Neurotheologians as sports commentators

Are you studying to be a neurotheologian, but worried about your future career prospects? Now you may be able to find high-paid work as a commentator on sports figures’ religious experiences!

Baseball fans will not soon forget the miraculous come-from-behind victory by the Boston Red Sox in the 2004 World Series. It was the first world championship for the Sox in 86 years.

In Game 6, Curt Schilling took the mound for the Sox, defying predictions that the torn tendon sheath in his ankle would prevent him from pitching. Instead, the doctors basically stapled his tendon down so it wouldn’t flap around and Schilling went out to pitch, bleeding visibly around the ankle. His famous “bloody sock” was later donated to the Baseball Hall of Fame.
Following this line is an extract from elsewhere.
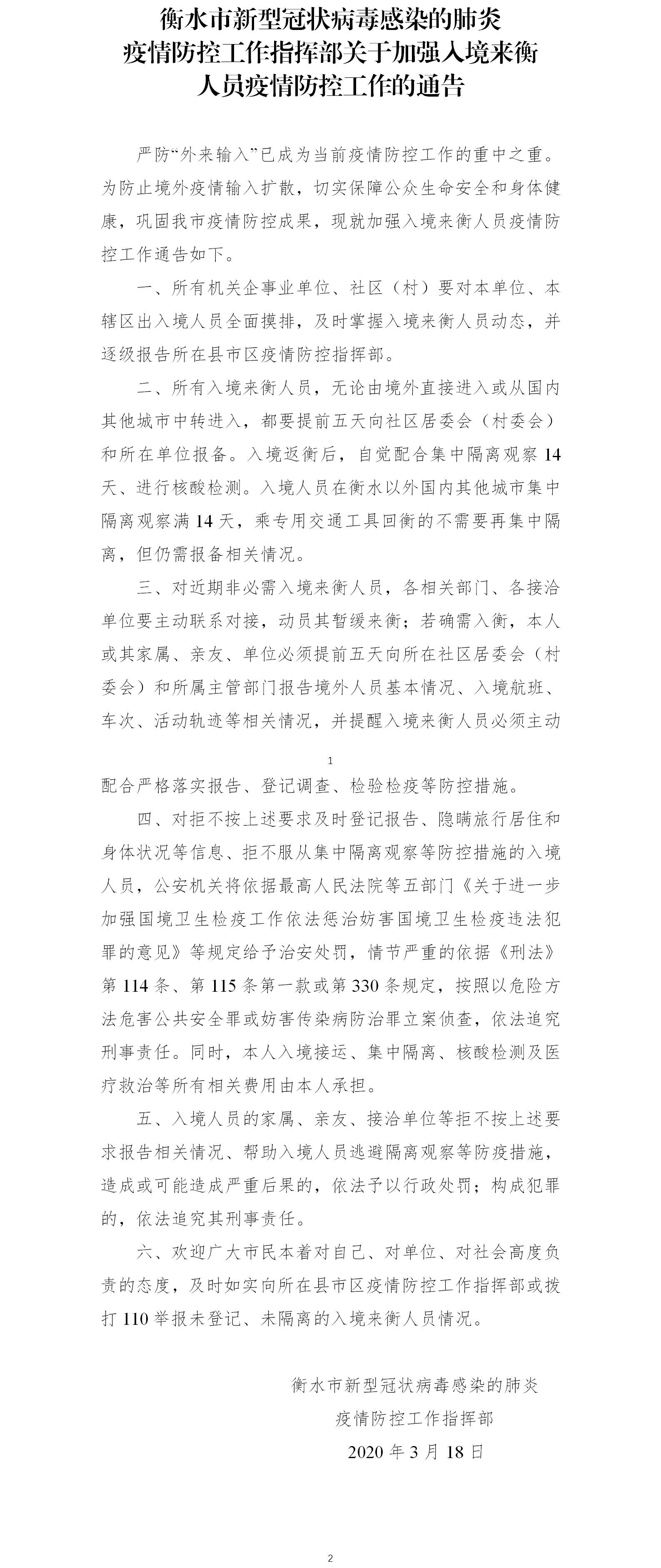 严防“外来输入”已成为当前疫情防控工作的重中之重。为防止境外疫情输入扩散,切实保障公众生命安全和身体健康,巩固我市疫情防控成果,现就加强入境来衡人员疫情防控工作通告如下。
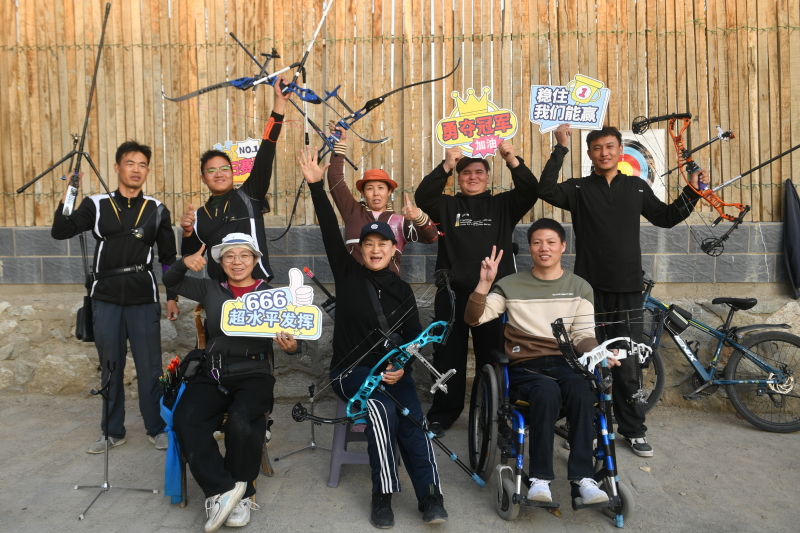 王燕红和队员们合影。王燕红提供 从乌鲁木齐、伊犁哈萨克自治州、昌吉回族自治州到巴音郭楞蒙古自治州,新疆残疾人射箭队的训练基地不断变迁,队员也在不断更替,不变的是王燕红始终如一的付出,“这项运动,帮助了很多像我一样的残疾人实现自立自强。” 这次备战全国第十二届残疾人运动会暨第九届特殊奥林匹克运动会,王燕红的射箭队里有6位弟子。这个小小的团队格外团结,遇到困难时总是互相帮助。 跟随王燕红训练已15年的弟子李传萍说:“王教练就像知心姐姐,不仅传授射箭技巧,更教会我们如何自信、自强、自立。她虽然严厉严谨,但尊重每个队员的想法。即使我们偶尔有争执,她也从不放在心上,总是像大姐一样包容我们。” “以后修箭的活就交给我了,这也是一门手艺。在训练之余,我会尽力保障师哥师姐们的训练,我们射箭队的未来也一定会越来越好。”20岁出头的叶斯哈提·努尔包拉提开心地笑着。 60后的王燕红,80后的李传萍,00后的叶斯哈提——三代人用行动完成了无声的传承,如同燕子展翅,代代不息。

Before the game, we are told, Schilling, devastated by his loss in Game 2, “surrendered to the Lord”, although he is not normally a very religious person. Then, in the fifth inning, a runner on second, Schilling had a major religious epiphany. “Something” (“somebody”?) “told” him not to make the pick-off throw he had been planning and instead pitch to the batter, who promptly lined into a double play, ending the Yankees’ threat.

“I just laughed,” Schilling says. “I couldn’t deny Him now.” After the game, he told the other players, “It wasn’t me. It was all God.”

To explain what was going here, the editors of Best Life, a men’s magazine, turned in their June, 2005 issue to Andrew Newberg . How did they find him? Well, successful neurotheologians all have agents these days.

Newberg started them off with a sort of Neurotheology for Dummies-level overview:

The images [of people meditating] revealed distinct changes in the temporal lobes, suggesting a neurological basis for these types of occurrences. But that doesn’t mean people’s interpretations are wrong. “We can see what the brain was doing.” Newbert says, “but we can’t see if God was there.”

I see. Newberg proceeds to explain his basic theory of religious experience:

When these spiritual events occur, the frontal lobes block incoming sensory information from reaching the parietal lobes, where the information would be processed. The results is a loss of the sense of self and a feeling of deep connectedness to nature or to God, explains Newberg.

Fine, but how is this related to Schilling?

This kind of episode can occur spontaneously in a stressful situation like Curt Schilling’s, when the autonomic nervous system is kicked into high gear. The heightened arousal (caused by stress), combined with a lack of sensory information to the parietal lobes, leads to a sense of peacefulness, of connectedness to something greater than the self—exactly what Schilling describes.

An often-overlooked benefit of being stressed out all the time: all those bonus spiritual experiences.

“Schilling’s not a Buddhist or Hindu, so he’s not going to have a Buddhist interpretation of that experience,” says Newberg. “He’s Christian, so his interpretation is that God was with him.”

But there was a key element missing from Newberg’s explanations. Seeing God out there on the ballfield is well and good, but how did those deprived parietal lobes contribute to Curt being able to make the right pitch to get the guy out? Come on, Andy, give us a little more body/mind here.

Another great career opportunity for neurotheologians, especially here in Hollywood, is as consultant to the entertainment industry. When neurotheology enters the mainstream in a big way, we’ll find neurotheological elements all over the movies and TV. Then there’s also this neurotheology Nintendo game I have designed, where you try to keep all your brain chemicals in balance for that really big religious explosion…gonna be a big hit.